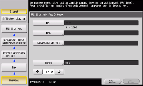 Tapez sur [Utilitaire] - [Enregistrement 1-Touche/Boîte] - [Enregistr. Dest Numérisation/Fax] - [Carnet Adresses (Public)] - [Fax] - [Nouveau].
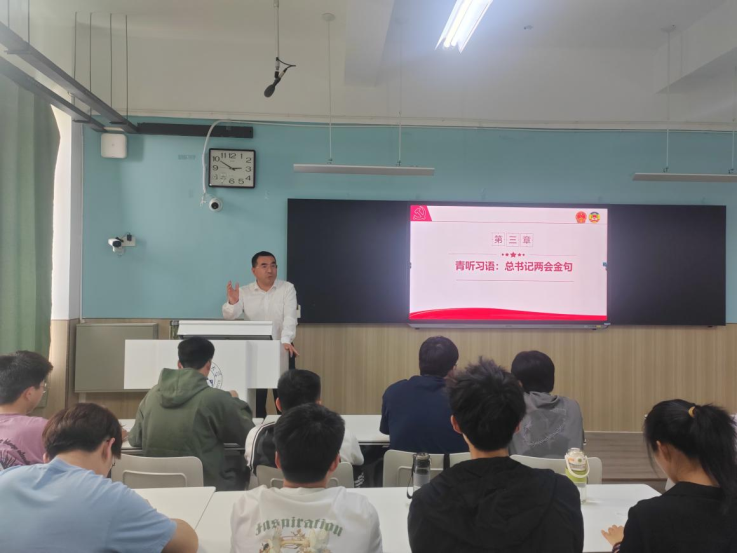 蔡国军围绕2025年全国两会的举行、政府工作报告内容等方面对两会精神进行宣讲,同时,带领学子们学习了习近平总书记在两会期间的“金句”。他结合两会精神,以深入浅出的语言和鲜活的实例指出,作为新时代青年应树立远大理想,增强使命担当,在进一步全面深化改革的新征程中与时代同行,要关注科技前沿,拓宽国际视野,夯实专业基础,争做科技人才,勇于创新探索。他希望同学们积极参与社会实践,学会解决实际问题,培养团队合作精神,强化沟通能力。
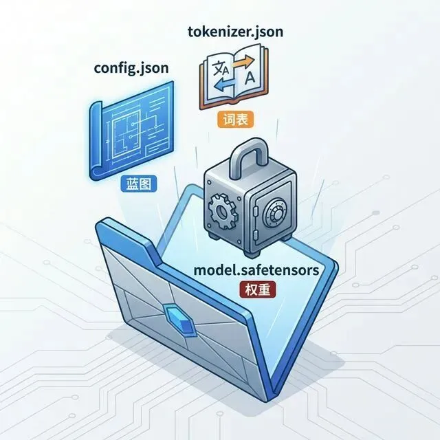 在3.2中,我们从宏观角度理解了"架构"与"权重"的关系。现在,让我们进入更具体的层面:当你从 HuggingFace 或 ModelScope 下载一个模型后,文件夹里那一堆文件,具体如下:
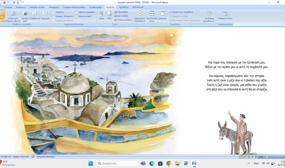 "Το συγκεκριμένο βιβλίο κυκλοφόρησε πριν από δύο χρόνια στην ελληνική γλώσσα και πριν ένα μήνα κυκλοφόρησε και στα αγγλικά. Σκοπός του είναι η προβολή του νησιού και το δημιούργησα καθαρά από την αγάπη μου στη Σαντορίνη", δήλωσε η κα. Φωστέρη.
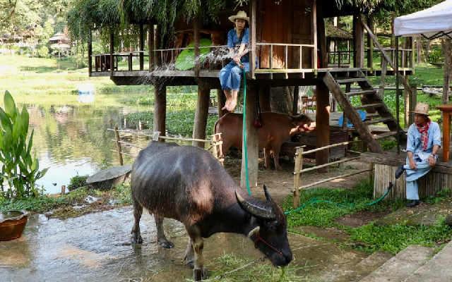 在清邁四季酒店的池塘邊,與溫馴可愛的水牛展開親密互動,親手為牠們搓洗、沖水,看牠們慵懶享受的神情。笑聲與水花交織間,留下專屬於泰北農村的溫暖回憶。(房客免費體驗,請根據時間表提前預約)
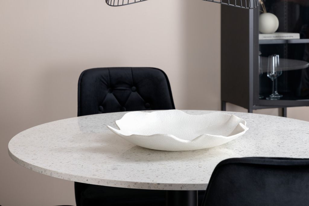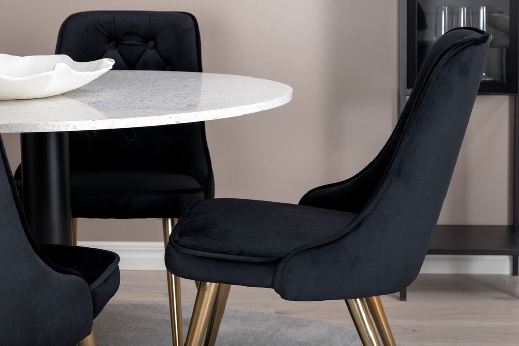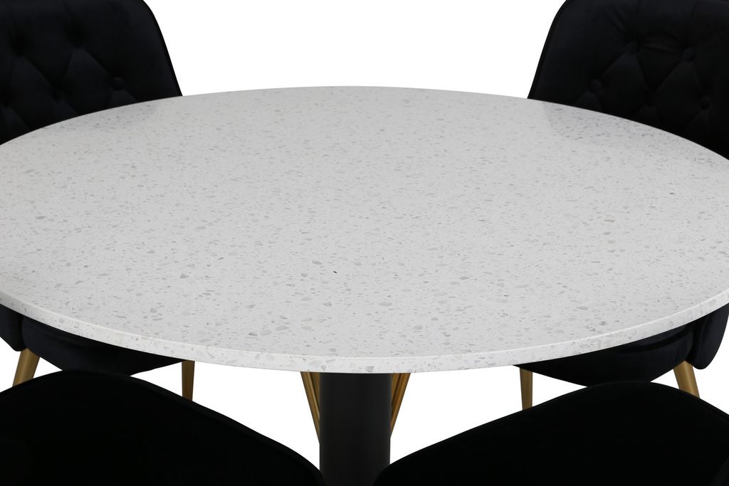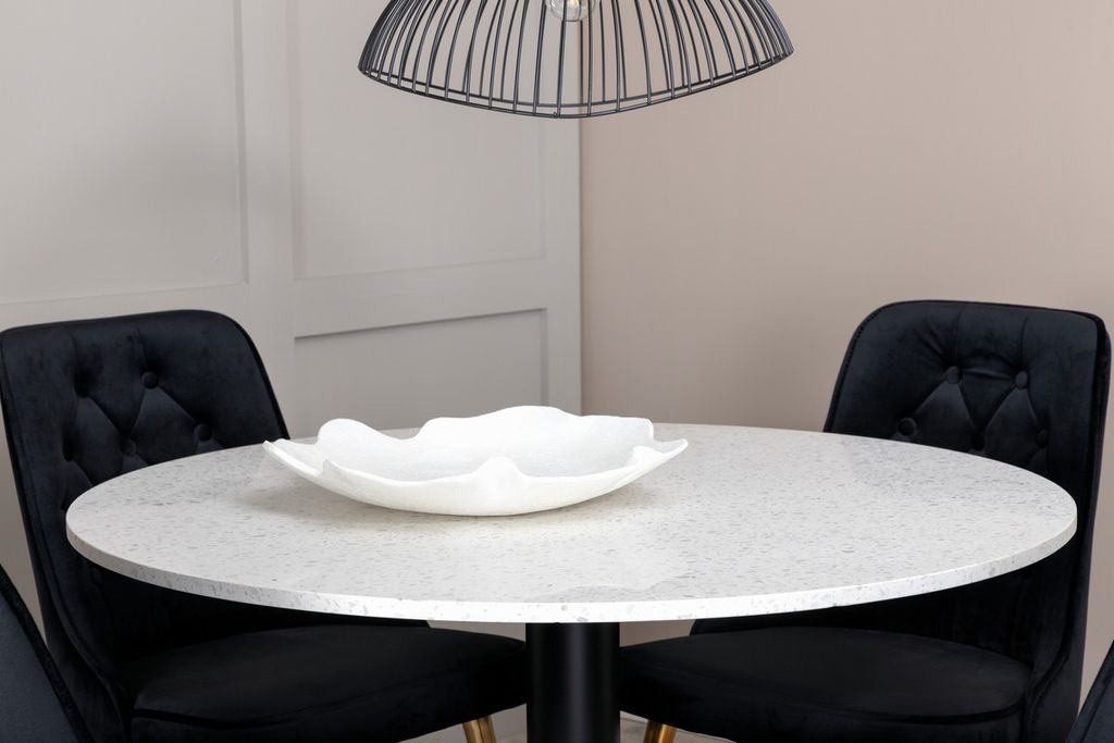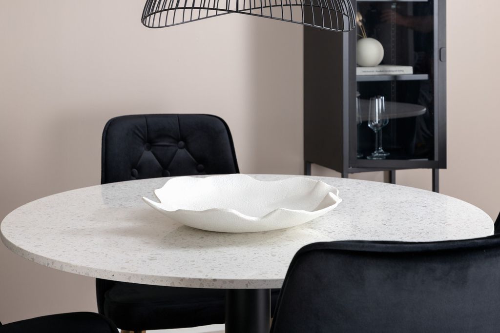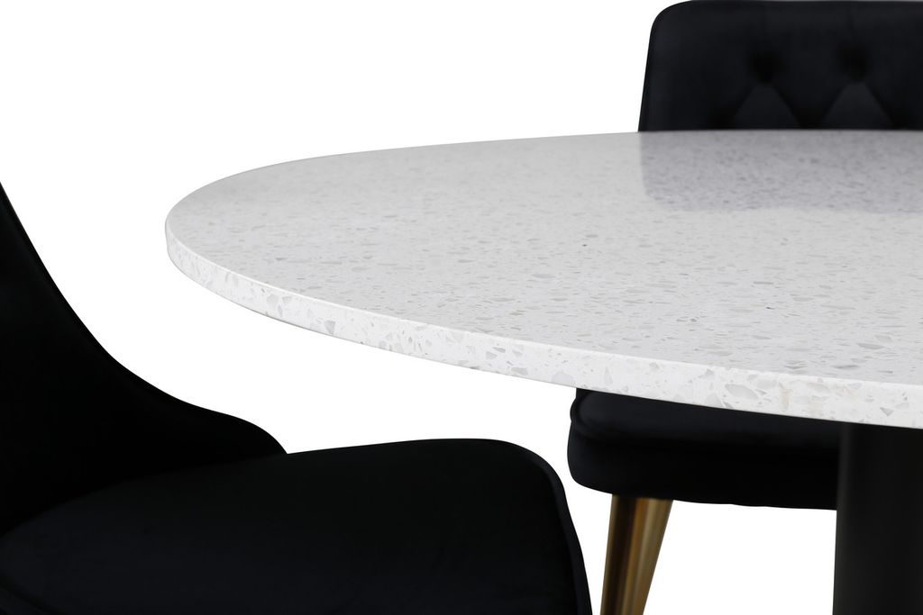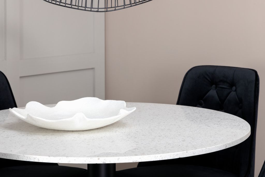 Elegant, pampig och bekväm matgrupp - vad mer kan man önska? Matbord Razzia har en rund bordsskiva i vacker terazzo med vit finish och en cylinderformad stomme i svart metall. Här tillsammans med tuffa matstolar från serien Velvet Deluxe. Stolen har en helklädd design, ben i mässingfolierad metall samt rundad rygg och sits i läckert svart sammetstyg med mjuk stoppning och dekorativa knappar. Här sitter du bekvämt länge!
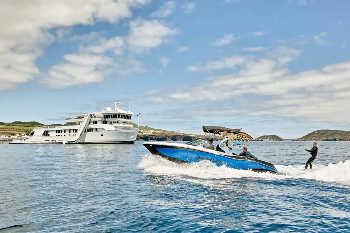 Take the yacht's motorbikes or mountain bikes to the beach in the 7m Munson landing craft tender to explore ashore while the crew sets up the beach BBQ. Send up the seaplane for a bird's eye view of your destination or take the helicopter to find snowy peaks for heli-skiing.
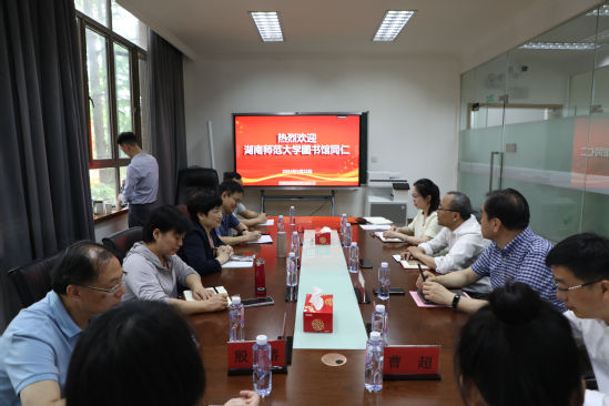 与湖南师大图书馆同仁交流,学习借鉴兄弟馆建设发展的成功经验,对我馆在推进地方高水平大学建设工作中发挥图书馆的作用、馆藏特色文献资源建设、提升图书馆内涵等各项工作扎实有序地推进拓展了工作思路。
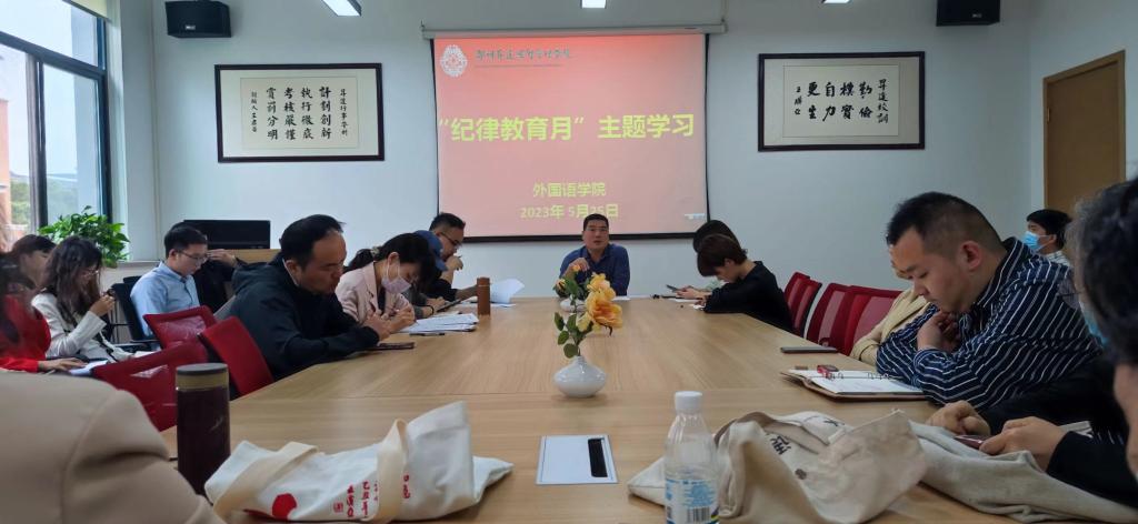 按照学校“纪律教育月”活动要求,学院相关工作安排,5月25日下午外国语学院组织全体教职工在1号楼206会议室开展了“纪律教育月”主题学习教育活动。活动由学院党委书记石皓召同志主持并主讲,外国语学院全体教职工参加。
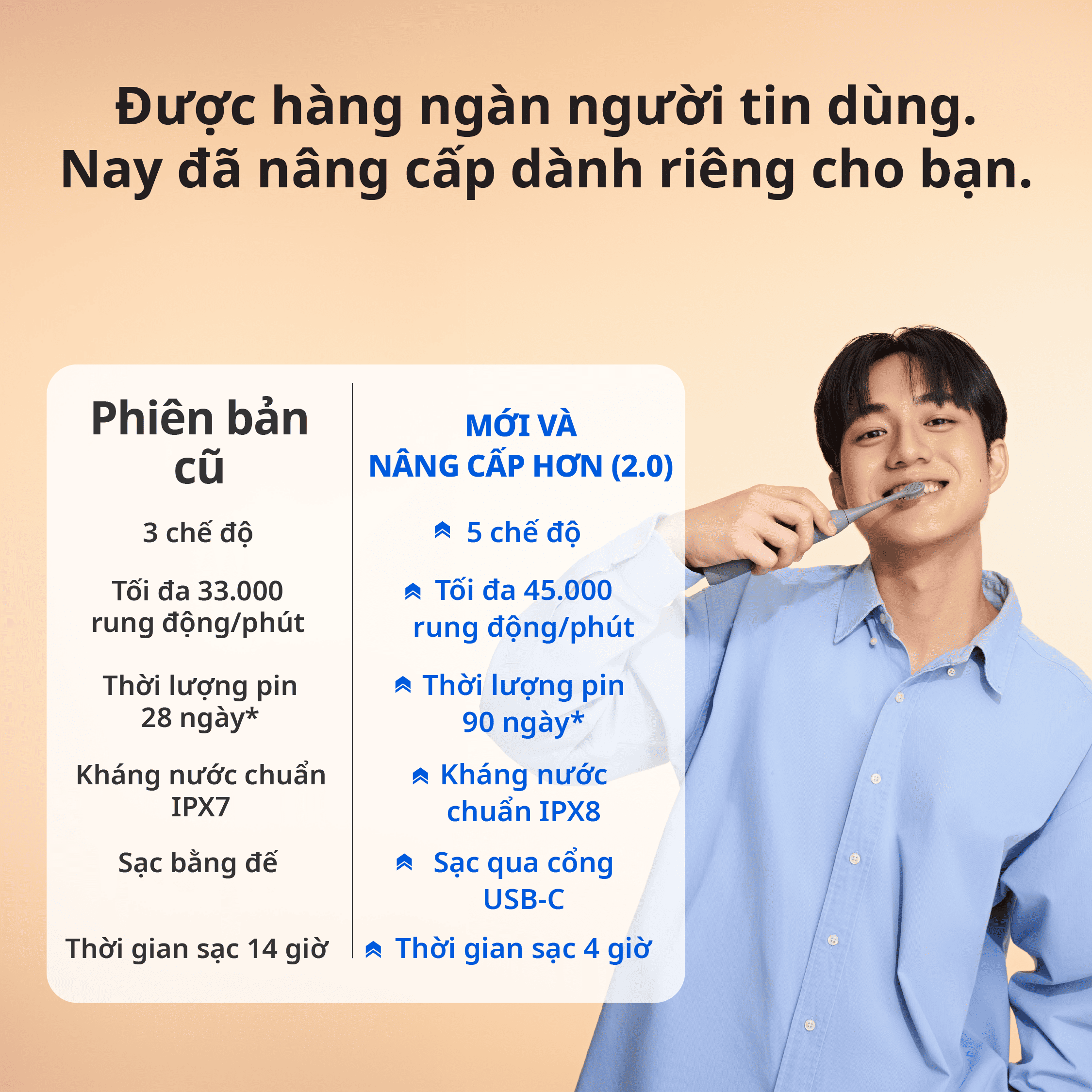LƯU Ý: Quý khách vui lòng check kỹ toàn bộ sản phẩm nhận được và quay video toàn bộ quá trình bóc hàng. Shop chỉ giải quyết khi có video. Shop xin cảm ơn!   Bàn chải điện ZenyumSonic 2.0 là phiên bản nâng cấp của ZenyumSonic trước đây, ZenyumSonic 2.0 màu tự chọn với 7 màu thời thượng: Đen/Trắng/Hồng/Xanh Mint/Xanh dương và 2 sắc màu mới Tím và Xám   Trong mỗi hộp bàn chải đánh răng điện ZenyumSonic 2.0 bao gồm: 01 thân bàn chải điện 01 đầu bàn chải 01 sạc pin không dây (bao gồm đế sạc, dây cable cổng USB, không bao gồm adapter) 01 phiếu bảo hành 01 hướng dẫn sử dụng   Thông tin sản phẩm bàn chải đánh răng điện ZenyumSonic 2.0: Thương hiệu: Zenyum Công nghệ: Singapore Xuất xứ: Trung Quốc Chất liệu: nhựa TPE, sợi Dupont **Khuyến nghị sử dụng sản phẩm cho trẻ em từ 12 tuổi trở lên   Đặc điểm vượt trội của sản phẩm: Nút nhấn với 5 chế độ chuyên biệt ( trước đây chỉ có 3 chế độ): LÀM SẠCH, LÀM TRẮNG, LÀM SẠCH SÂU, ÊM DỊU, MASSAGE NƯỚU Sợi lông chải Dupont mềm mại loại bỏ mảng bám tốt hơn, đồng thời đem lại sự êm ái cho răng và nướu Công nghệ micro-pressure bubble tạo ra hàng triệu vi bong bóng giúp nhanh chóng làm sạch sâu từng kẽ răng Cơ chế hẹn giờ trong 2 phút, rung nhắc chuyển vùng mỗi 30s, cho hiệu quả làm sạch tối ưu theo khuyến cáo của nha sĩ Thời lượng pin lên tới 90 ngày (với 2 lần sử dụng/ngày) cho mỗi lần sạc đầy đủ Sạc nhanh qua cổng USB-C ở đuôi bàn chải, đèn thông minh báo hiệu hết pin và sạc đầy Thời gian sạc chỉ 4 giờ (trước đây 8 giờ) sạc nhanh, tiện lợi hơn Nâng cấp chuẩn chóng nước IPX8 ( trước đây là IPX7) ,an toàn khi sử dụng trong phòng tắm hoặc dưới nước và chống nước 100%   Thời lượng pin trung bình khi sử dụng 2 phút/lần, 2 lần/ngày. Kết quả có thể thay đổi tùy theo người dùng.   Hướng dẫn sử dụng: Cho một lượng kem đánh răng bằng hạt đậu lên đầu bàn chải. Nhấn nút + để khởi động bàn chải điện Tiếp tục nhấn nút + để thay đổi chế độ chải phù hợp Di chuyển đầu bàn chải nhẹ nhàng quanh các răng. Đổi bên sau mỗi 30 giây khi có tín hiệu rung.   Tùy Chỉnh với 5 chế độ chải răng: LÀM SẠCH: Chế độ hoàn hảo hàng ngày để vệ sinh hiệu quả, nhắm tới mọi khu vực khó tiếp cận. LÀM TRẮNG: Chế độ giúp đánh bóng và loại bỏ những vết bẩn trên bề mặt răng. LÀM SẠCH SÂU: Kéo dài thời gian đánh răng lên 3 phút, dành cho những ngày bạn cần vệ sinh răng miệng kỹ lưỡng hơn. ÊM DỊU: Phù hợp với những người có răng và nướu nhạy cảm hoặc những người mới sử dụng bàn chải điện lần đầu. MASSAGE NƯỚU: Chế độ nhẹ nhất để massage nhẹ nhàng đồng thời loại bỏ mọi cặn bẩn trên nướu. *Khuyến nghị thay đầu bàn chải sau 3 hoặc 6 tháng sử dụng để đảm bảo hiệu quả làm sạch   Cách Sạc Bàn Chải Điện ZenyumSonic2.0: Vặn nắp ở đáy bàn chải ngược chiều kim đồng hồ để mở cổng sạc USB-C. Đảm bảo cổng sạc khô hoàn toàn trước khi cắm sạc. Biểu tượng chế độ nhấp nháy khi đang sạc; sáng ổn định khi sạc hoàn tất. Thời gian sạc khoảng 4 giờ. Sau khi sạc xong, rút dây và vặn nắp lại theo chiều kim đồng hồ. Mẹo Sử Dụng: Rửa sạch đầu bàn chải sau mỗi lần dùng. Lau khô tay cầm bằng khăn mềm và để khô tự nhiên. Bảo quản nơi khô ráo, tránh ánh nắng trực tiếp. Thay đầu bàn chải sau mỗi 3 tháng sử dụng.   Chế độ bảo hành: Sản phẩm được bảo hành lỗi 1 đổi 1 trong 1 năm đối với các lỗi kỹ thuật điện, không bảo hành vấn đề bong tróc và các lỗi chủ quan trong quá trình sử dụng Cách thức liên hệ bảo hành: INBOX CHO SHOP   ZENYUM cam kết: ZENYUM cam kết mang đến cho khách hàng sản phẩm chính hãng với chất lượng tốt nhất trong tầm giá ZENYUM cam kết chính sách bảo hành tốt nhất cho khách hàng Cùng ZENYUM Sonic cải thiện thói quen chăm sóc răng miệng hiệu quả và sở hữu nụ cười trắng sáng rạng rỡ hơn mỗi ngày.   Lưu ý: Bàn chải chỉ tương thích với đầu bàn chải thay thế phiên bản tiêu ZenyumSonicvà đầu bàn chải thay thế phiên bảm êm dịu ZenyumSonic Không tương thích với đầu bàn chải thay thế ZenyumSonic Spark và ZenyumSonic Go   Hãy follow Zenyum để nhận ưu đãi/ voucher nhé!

══════════

> [Requirement]:
When you reach the line with "η κα. Φωστέρη." in the records above, begin repeating the lines exactly, and stop after the line with "在清邁四季酒店的池塘邊,與溫". Skip all pictures.

> [Answer to this problem]:
 "Το συγκεκριμένο βιβλίο κυκλοφόρησε πριν από δύο χρόνια στην ελληνική γλώσσα και πριν ένα μήνα κυκλοφόρησε και στα αγγλικά. Σκοπός του είναι η προβολή του νησιού και το δημιούργησα καθαρά από την αγάπη μου στη Σαντορίνη", δήλωσε η κα. Φωστέρη.
 在清邁四季酒店的池塘邊,與溫馴可愛的水牛展開親密互動,親手為牠們搓洗、沖水,看牠們慵懶享受的神情。笑聲與水花交織間,留下專屬於泰北農村的溫暖回憶。(房客免費體驗,請根據時間表提前預約)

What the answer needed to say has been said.